After the Intervention, the entire surviving world population of Gigantopithecus, thirty-eight males and twenty-six females, was tracked down by metapsychic means and resettled in the expanded B.C. Megapod Reserve. By 2043, the year of my own clandestine visit, the number of Bigfeet had increased to nearly two hundred, and they were designated as a Galactic Treasure. The giant apes throve in the remote wilderness of the Reserve with the barest minimum of human contact. According to law, only scientists and the trained foresters who tended to the propagation of the native flora and the regulation of other animals indigenous to the Reserve were permitted access. Casual entry by the vulgar citizenry was strictly prohibited.

But there were ways.

I had become interested in the Bigfoot a decade or so before, as a result of acquiring an estate collection of books on the subject. In the course of my advertising the collection for sale, I corresponded with a man named Bill Parmentier, a devoted Bigfoot buff who operated a little fishing and hunting resort on Nimpo Lake.
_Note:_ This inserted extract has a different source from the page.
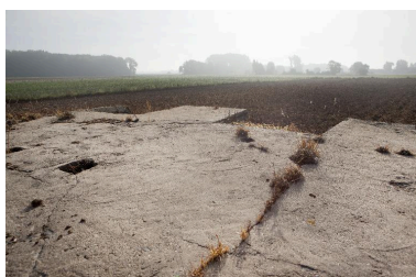
Depuis le toit de l'abri, vers le sud-est. IVR31_20145904083NUCA

The countryside thereabouts had been reputed to be the stamping grounds of the fabulous Sasquatch since before the arrival of the white man. Bill Parmentier’s forebears had claimed many times to have sighted the elusive giant apes—only to be derided as superstitious stump-jumpers by more sophisticated British Columbians. But eventually vindication came. In his videograms to me, Bill displayed interesting family relics: underexposed old photos of strange footprints; people posed beside trees, indicating just how tall a Bigfoot they were sure they’d seen; and even a picture of a tuft of reddish hair, allegedly from a Sasquatch, that had been handed down from a relative who had had the shit scared out of him one day in 1936 while logging in the Bella Coola River Valley.